Who Is The Holiday Shopper?

LTV:CAC is the rule of thumb that guides profitable eCommerce growth. LTV = lifetime value and CAC = cost of acquiring a customer. Essentially, you want to minimize your cost of acquisition and maximize the amount the customer spends with you. 

But you also want to get as much of that spend up front (in the first three to six months) as possible. Because time is money (Common Thread Collective wrote a good deep dive here).

If you analyze your customer data, you’ll find that customers acquired during the holiday period–and specifically during the Black Friday/Cyber Monday weekend–will have the lowest six and 12 month LTVs of almost any acquisition period. These customers are less likely to return, and less likely to spend at full price when they do return.

I have run this analysis on multiple brands and it always plays out the same way. Go ahead and try it if you don’t believe me.

I outlined most of the underlying behaviors that drive this pattern here. High level: holiday shoppers almost always shop the brand at its most promotional, so they’re unlikely to shop when the goods are priced higher. And, depending on the brand, they may be shopping for someone else (buying gifts) with a completely different set of tastes and interests.

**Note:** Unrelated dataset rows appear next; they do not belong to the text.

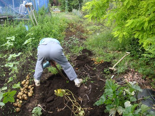 先週は我が旅友がジャガイモ掘りの応援に来園くださいました。現在でも野球を趣味とするスポーツマン。逞しい助っ人なのです。 こちらは男爵系『シンシア』。目が浅く、たまご型でつるりとキレイな形。煮くずれしにくく、どんな料理にもよくあうと言われており毎年栽培する品種。ご自宅でも菜園をやられているだけあり足腰もしっかり。 フランス生まれの品種を北海道で育んだじゃがいも『シンシア』。 そして今日はこのジャガイモを自宅まで運びました。こちらは『シャドークイーン』 。一輪車にいれ自宅までヨイショ、ヨイショと。 こちらは小粒の『インカのめざめ』 。原産地・南米アンデスのジャガイモを日本向けに改良したもの。鮮やかな黄色と、コロコロと小粒な姿、栗かサツマイモを思わせるホクホク感で、人気のある高級ジャガイモ。 シャドークィーンは、外見さは黒っぽい濃い紫色をしていて、中は鮮やかな濃い紫色。 『インカのめざめ』を早速楽しみました。軽く塩を振ってそしてバターを塗って。黄色い実が、一味違う鮮やかさを演出してくれたのです。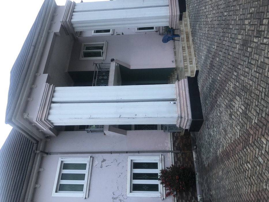 A two-story building with a pale pink exterior and white trim dominates the frame
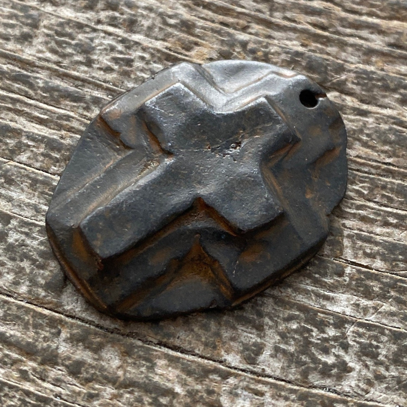 Bumpy Dotted Cross, Rustic Brown, Artisan Pendant Charm, BR-6071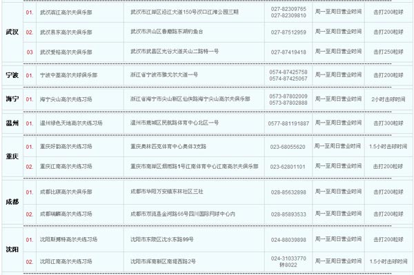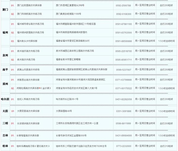 兴业银行黑/白金卡贵宾高尔夫练习场服务开放城市列表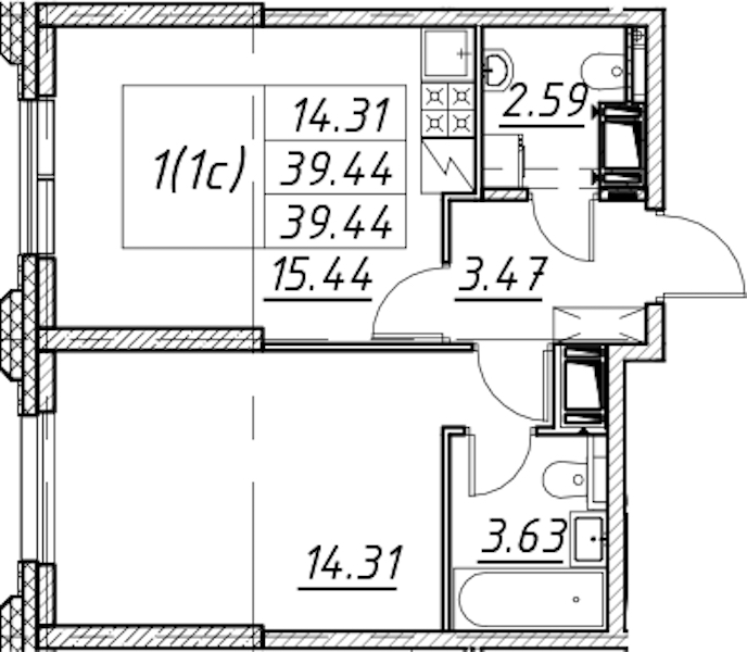 - Площадь39,44 м2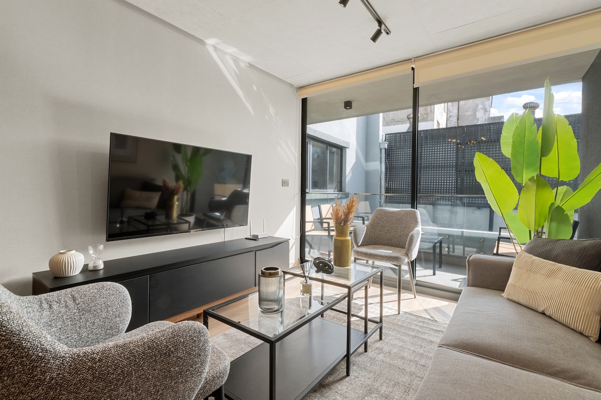 Genieße die Ruhe der Stadt in einem modernen, hellen Raum voller Details, die dich wie zuhause fühlen lassen. Diese Wohnung kombiniert Komfort, Design und Funktionalität in einer warmen und entspannten Atmosphäre. Nur wenige Schritte von der U-Bahn Salvador entfernt, bist du in der Nähe von Parks, Cafés und Restaurants, aber weit genug entfernt, um dich in einer grünen und ruhigen Umgebung auszuruhen. Perfekt für kurze oder lange Aufenthalte, ist es die ideale Balance zwischen Stadtleben und einem Gefühl von Zuhause.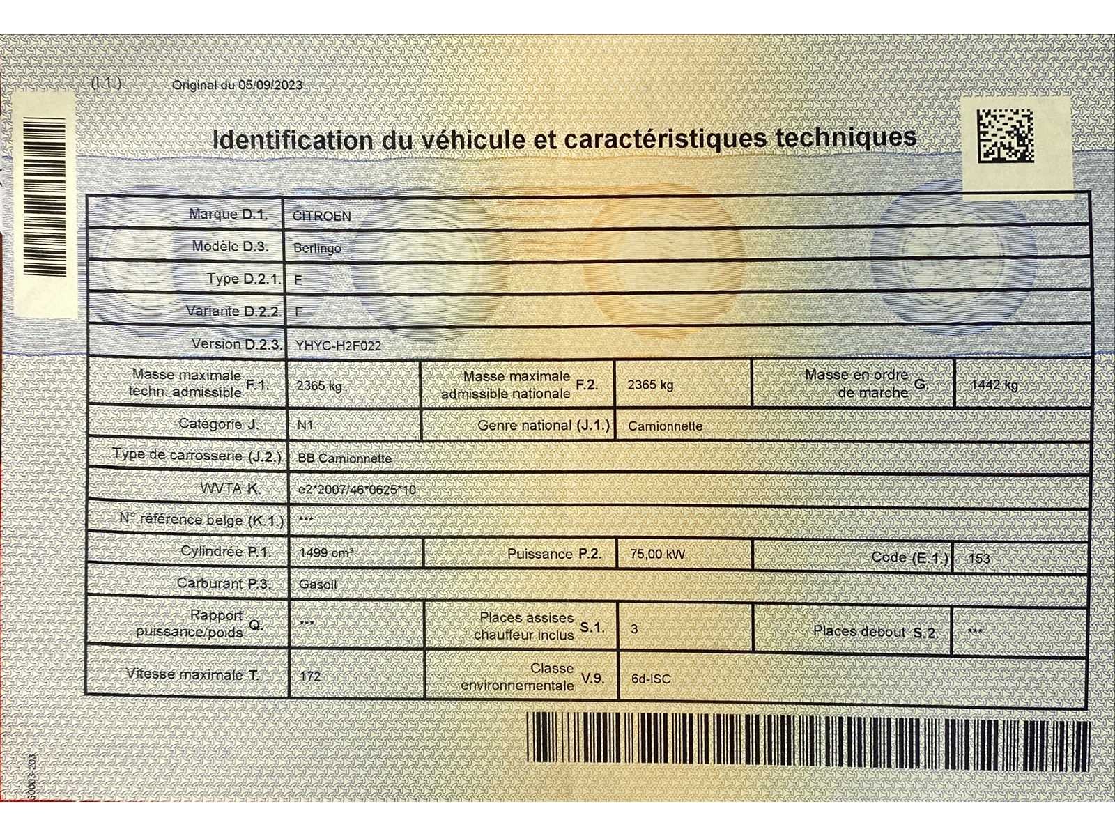 Betrouwbare Citroën Berlingo bestelwagen met ruime laadcapaciteit en lage onderhoudskosten. Geschikt voor diverse professionele toepassingen zoals leveringen of installatiewerk. Wordt aangeboden in huidige staat, bezichtiging mogelijk. No Kenteken: 2EDK053 Merk: Citroën Model: Berlingo Type: E Afgelezen kilometerstand: 132085km Brandstof: Diesel Chassisnummer: VR7EFYHYCLJ893023/15 Laadvermogen: 930kg Datum eerste toelating: 2021 APK vervaldatum: 20/01/2026 Aandrijving: Left Kleur: White Transmissie: Manual Ledig gewicht: 1442kg Start en rijdt: Yes Vavato voert geen technische keuring uit.: true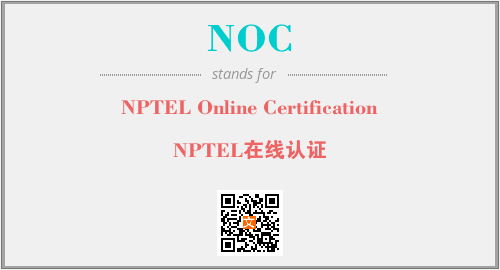 上述内容是“NPTEL Online Certification”作为“NOC”的缩写,解释为“NPTEL在线认证”时的信息,以及英文缩略词NOC所代表的英文单词,其对应的中文拼音、详细解释以及在英文中的流行度和相关分类、应用领域及应用示例等。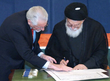 这个仪式原定上周五(5日)举行,但伊拉克什叶派穆斯林最高精神领袖提出反对,仪式不得不临时取消。就在代表们星期一(3月8日)汇聚在巴格达的会议中心参加签字仪式之际,巴格达中部发生了一系列大爆炸。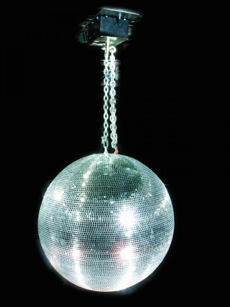 Safety mirror ball with second eyelet -Mirror ball with a stable fiberglass core -High stability due to integrated axle -Exact alignment -Genuine glass mirror facets -Installation eyelet -Additional safety eyelet for safety chain -Delivery without motor |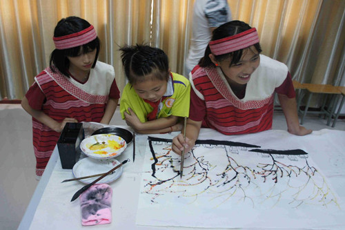 臺(tái)灣學(xué)生與文昌一小學(xué)生(中)共畫國畫。(圖片來源:四川省臺(tái)辦)

Both of these factors result in low-margin purchases and low repeat rates, also known as below-average Lifetime Value.

“Winning” BFCM: A Booby Prize

Ok, so holiday customers are less valuable than your average customer. But there sure are a lot of them! That should make up for it, right?

Well…maybe. The pundits are right: holiday is one of the most competitive shopping periods of the year. This means that paid media costs rise across the board starting in early November and typically reach their peak during the BFCM weekend itself.

To compensate for this, to stand out from competitors, and also because “it’s tradition”, brands and retailers will typically run some of their sharpest promotional offers of the year during this time.

You have two factors working to counter each other: higher average conversion rates due to deep promos plus consumer behavior vs higher media costs due to competition plus noise in the marketplace.

It’s up to you to determine how these factors weigh upon the scales of profitability in your unique situation. But analyzing Holiday through the lens of ROAS alone is a mistake.

The problem isn’t just that Holiday (usually) brings in sub-par customers at an elevated cost. The problem is that Holiday has come to dominate many brands’ time, energy and budgets at the expense of thinking more strategically about growth. 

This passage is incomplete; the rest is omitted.